Penguins’ woes in Metropolitan Division trouble GM Rutherford |

Penguins’ woes in Metropolitan Division trouble GM Rutherford

Chaz Palla | Trib Total Media
Penguins general manager Jim Rutherford speaks in September 2014 at Consol Energy Center.
Chaz Palla | Trib Total Media
The Penguins' Evgeni Malkin plays against the Lightning, Friday, Jan. 2, 2015 at Consol Enrgy Center.

With less than two weeks until the NHL trade deadline, Penguins general manager Jim Rutherford has come to a few conclusions.

The Penguins are not good enough against Metropolitan Division opponents. Whether it’s because of line matching or inconsistency from other players, Sidney Crosby and Evgeni Malkin have been shut down at times. And the Penguins don’t have a sufficient answer for when that happens.

“We’re getting into the period where names are going to surface and teams are going to get serious,” Rutherford told Trib Total Media. “If it’s a guy who’s capable of scoring a big goal, I would like to get that guy because if Sid and Geno get shut down, we need to be able to win games with our third and fourth lines.”

The Penguins are 7-10-4 against division opponents, 2-6-2 in their past 10 against them and 2-7-2 against possible playoff opponents in the Islanders, Rangers and Capitals. They’ve been outscored 64-46 in 21 games but 41-20 by the Islanders, Rangers and Capitals.

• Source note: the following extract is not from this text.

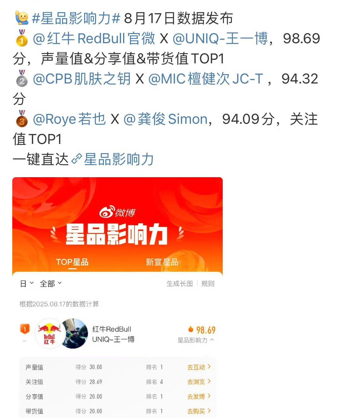 #王一博# 8.17星品影响力第一,两个代言上榜。 拿下一周互动最高代言。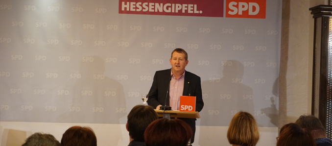 Weiter sagte er: „Wir Sozialdemokraten sind ja gelegentlich ins Jammern verliebt. Ich bin der Meinung - das, was wir bisher für dieses Land geleistet haben und das, was wir noch leisten wollen, kann man auch positiv darstellen.“ Mit dem Blick auf die kommenden Kommunalwahlen stellte Rudolph heraus: „Wir Sozialdemokraten in Hessen stellen 12 von 21 Landrätinnen und Landräte, 9 von 12 Oberbürgermeistern und die zweitgrößte Gruppe der kreisabhängigen Bürgermeisterinnen und Bürgermeister. Und auf dieses Fundament können wir bauen.“ Denn: „Die Kommune – gelegentlich belächelt - ist die wichtigste Ebene, die man zur Stabilisierung der Demokratie brauche. Abschließend betonte Rudolph: „Das, was Ehrenamt leistet, muss vor Ort unterstützt werden. Und aus diesem Grund können wir auch selbstbewusst in diese Kommunalwahl gehen.“

Crosby has six goals and seven assists over 20 division games. He has 13 goals and 32 assists in the 33 games he has played outside the Metropolitan. That’s a points-per-game average of 0.65 inside versus 1.22 outside the division.

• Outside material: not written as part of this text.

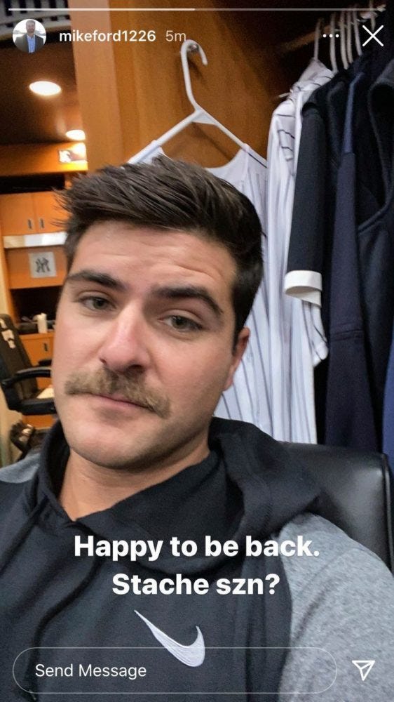 All I’m saying is the Mike Ford’s mustache could be a rallying cry for this team after their very slow start. I’d like to think that instead of doing Gardner’s patented bat bang whenever they get a hit, they will now hold up a finger mustache. But I’ll settle for a much-needed win. #StacheSZN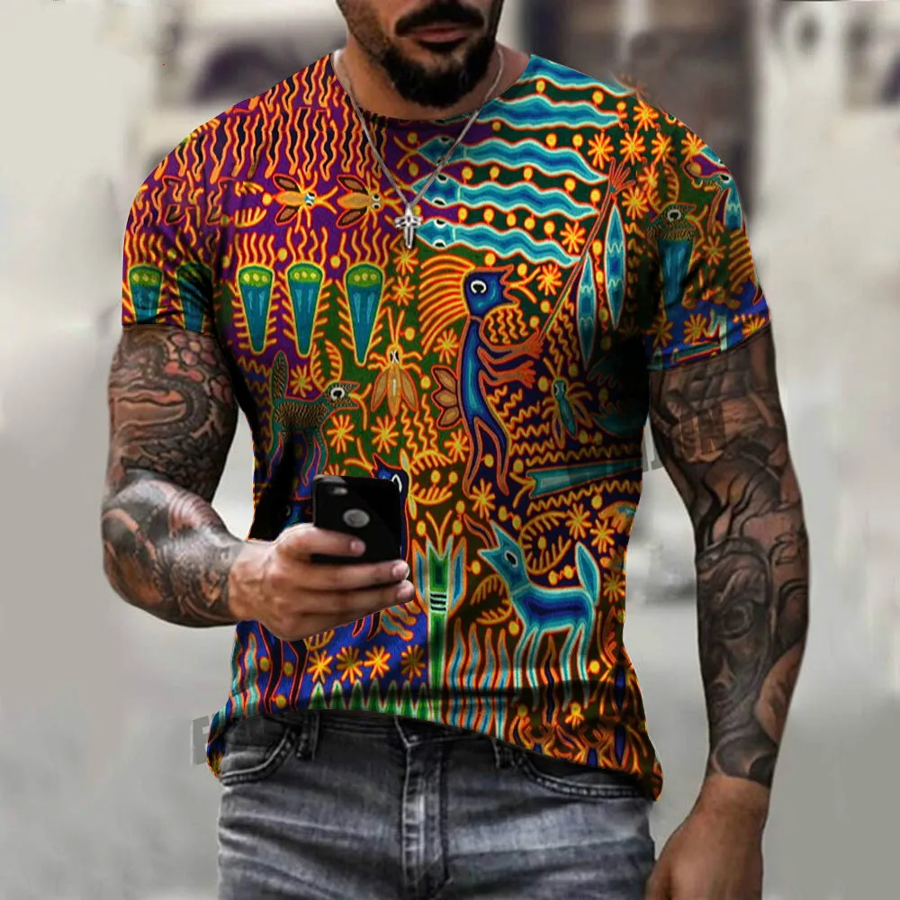 Футболка мужская с круглым вырезом, Этническая одежда в стиле ретро...

Malkin has endured the same problems as teams load up to stop the Penguins’ franchise centers. He has six goals and nine assists in 19 division games or 0.79 points per game. That gives him 15 goals, 38 points and a 1.15 points-per-game average outside the division.

“That’s what teams try to do to us: They try to shut (Crosby and Malkin) guys down,” Rutherford said. “If they shut those guys down, and you don’t have enough balance on your third and fourth line where you can score periodically, then you can’t win.”

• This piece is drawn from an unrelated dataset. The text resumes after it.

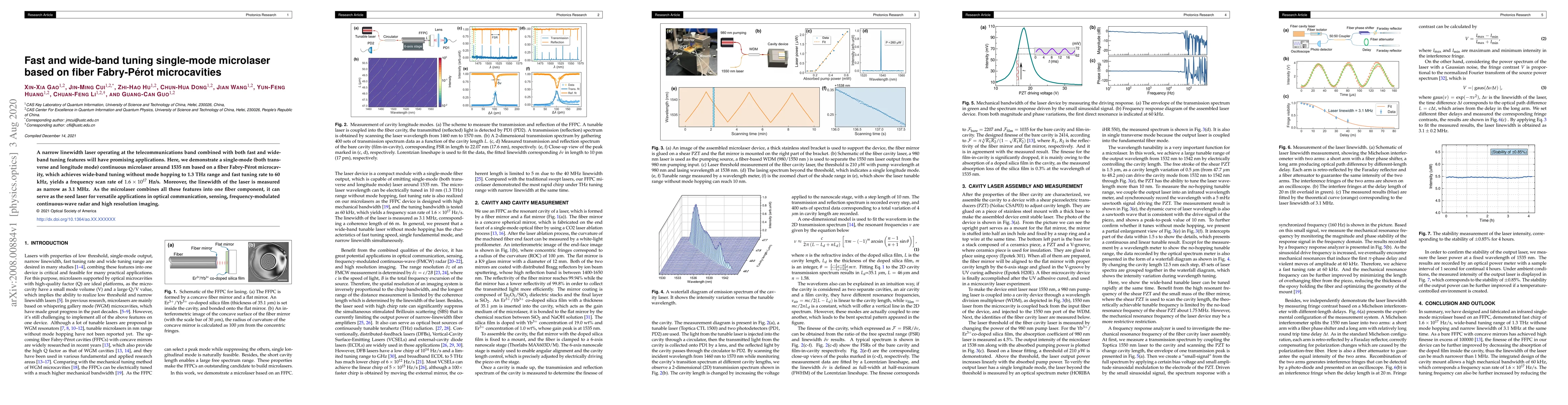 This paper presents a single-mode microlaser based on fiber Fabry-Pérot microcavities that offers fast tuning up to 60 kHz and wide-band tuning up to 1.3 THz, with a narrow linewidth of 3.1 MHz, suitable for applications in optical communication and sensing.

How will that happen? Well, there are a few parts.

• First, Rutherford is pleased with how his current group of defensemen has been playing, and the return of Christian Ehrhoff will only help.

Rookie Derrick Pouliot “continues to progress nicely.” Rutherford also believes Robert Bortuzzo’s game has improved of late.

“Based on the guys who are out there on defense, I’m not sure that we’re getting somebody who can necessarily do a better job than what we have — if we’re healthy,” Rutherford said.

• There remains a concern with the Penguins’ front office about Steve Downie’s penchant for taking third-period penalties. Downie also is a pending unrestricted free agent who carries a $1 million cap hit — one of the bigger numbers among the team’s bottom-six forwards.

Mathematically and logistically, that could squeeze Downie out of a job.

• In acquiring forward help, Rutherford remains steadfast in not wanting to part with the organization’s defense prospects: Pouliot, Scott Harrington and Brian Dumoulin.

No deals are imminent, Rutherford said, and a large part will hinge on what happens when Ehrhoff returns. But there’s no hiding the fact that getting more scoring punch from the group of top-nine forwards is a priority — not necessarily the defensemen many had the Penguins pegged to.

But coach Mike Johnston also isn’t letting Crosby and Malkin off the hook, even if six of the Penguins’ 46 divisional goals have been scored by players currently cast in bottom-six roles.

“The guys around them have to help and alleviate some of that pressure,” Johnston said. “It’s also the responsibility of those players now. It’s a big challenge. They have to accept the challenge.”